The Justice Department in a lawsuit filed late on Tuesday sued the U.S. District Court for the District of Maryland and all 15 of its judges over an order last month that automatically blocks for two business days the deportation of migrants in the state who file a new lawsuit challenging their detention.
The administration’s lawsuit, filed in Baltimore, argues that the standing order runs afoul of U.S. Supreme Court precedent governing the standards for when and how a court can issue an injunction and that, under the Immigration and Nationality Act, courts lack authority to interfere with deportation proceedings.
The Justice Department is seeking a court ruling declaring the order to be unlawful and an injunction blocking the judges from enforcing it. The department asked that the Maryland federal judges recuse themselves from hearing the case and instead have a federal judge from another state hear it.
A representative for the Maryland court declined to comment.

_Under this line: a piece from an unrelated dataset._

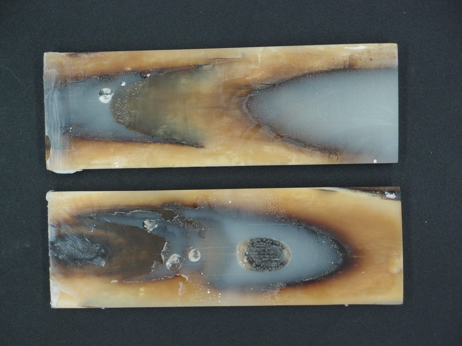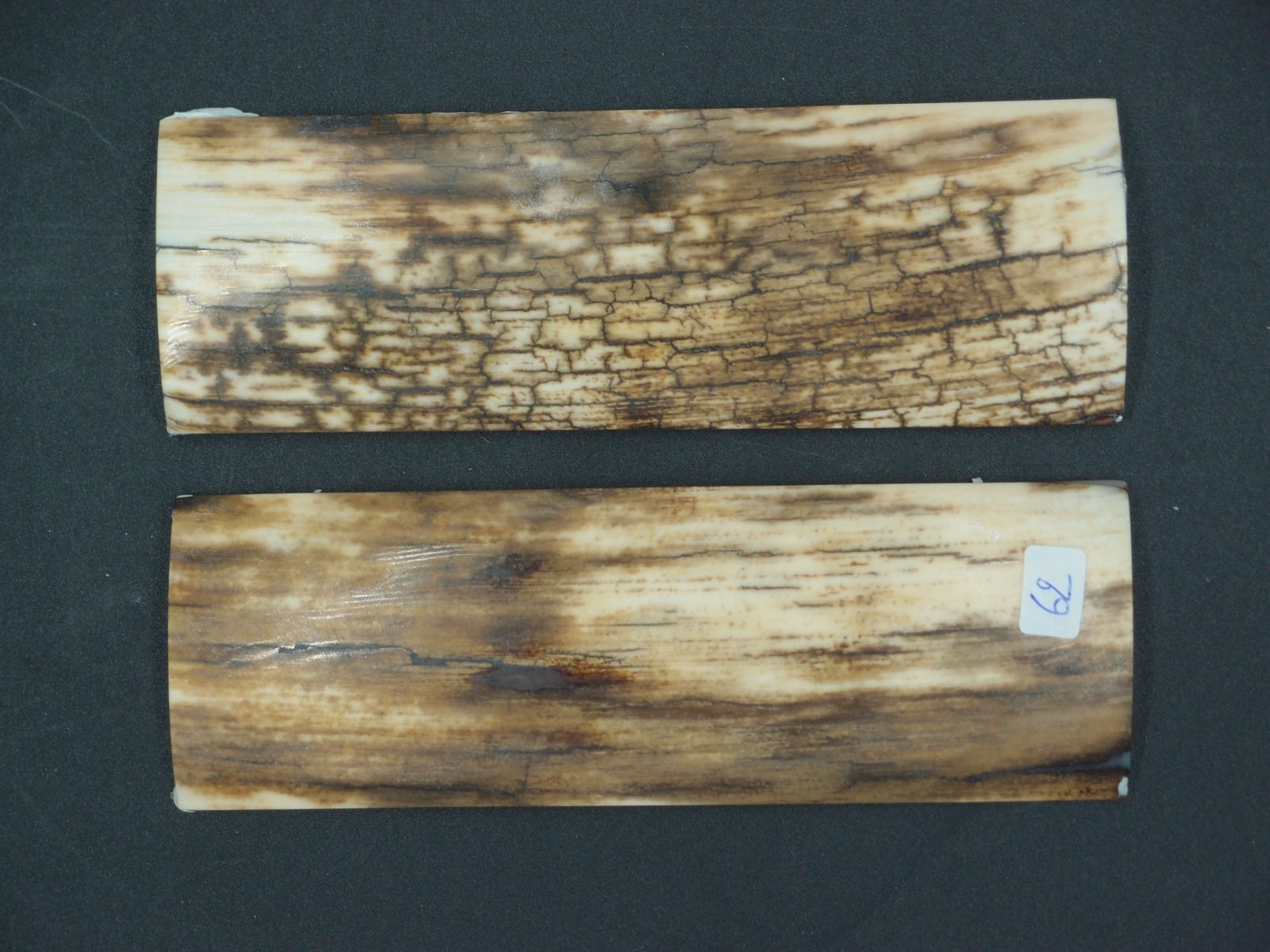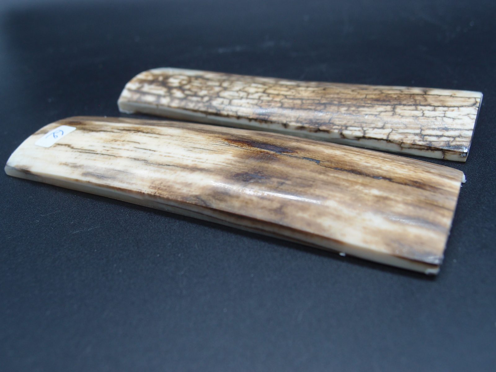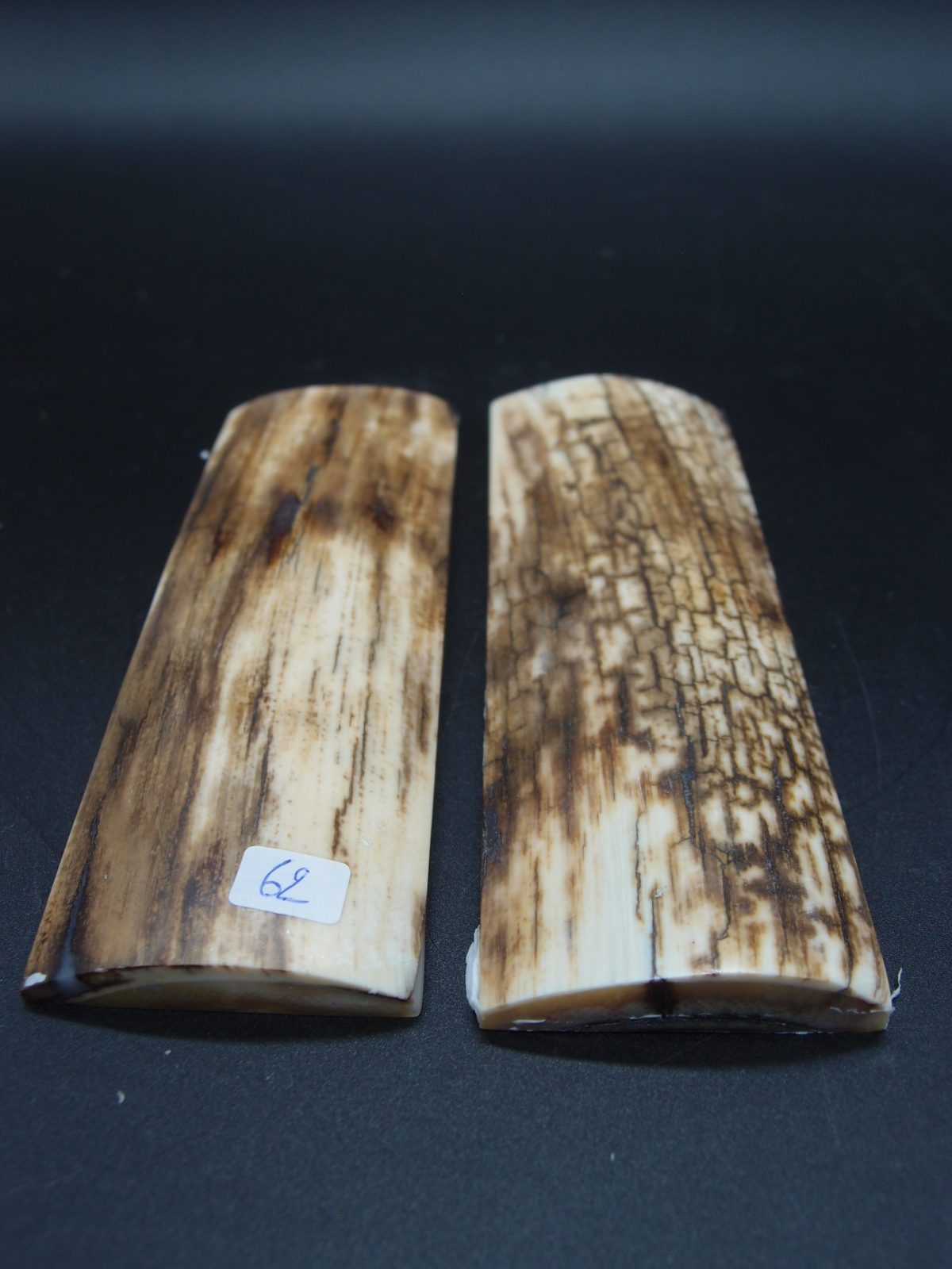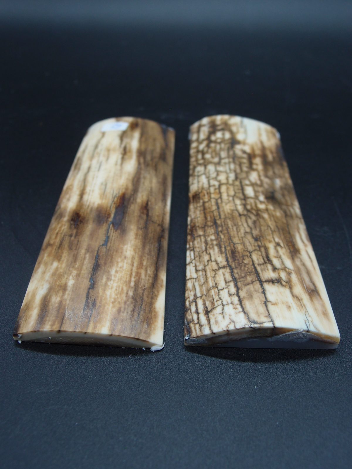 Paire d’écailles de mammouth stabilisées présentant un remarquable aspect bois avec grain prononcé. Parfaites pour les créations organiques et texturées. Matériau d’exception offrant une structure ligneuse saisissante, idéal pour les pièces nécessitant caractère et authenticité naturelle.

The order at issue cited a “recent influx of habeas petitions concerning alien detainees purportedly subject to improper and imminent removal from the United States.” A habeas petition is a legal action challenging the legality of a person’s detention.
The two-day automatic pause on deportations being carried out as part of the Republican president’s hardline approach toward immigration was designed to ensure that migrants are not removed from Maryland before their cases could be reviewed.
The order was signed by Chief U.S. District Judge George Russell, who like the majority of the judges in the Maryland court was appointed by a Democratic president.
The court issued the order after months of litigation in Maryland over the Trump administration’s deportation of Kilmar Abrego Garcia to El Salvador despite a 2019 immigration court ruling that he not be sent there because he could be persecuted by gangs. Abrego is a Salvadoran national who lived in Maryland. His wife and young son are American citizens.
That case led to weeks of questions about whether the administration would abide by an order by a federal judge in Maryland that it help “facilitate” Abrego’s return. He was deported on March 15 and was returned on June 6.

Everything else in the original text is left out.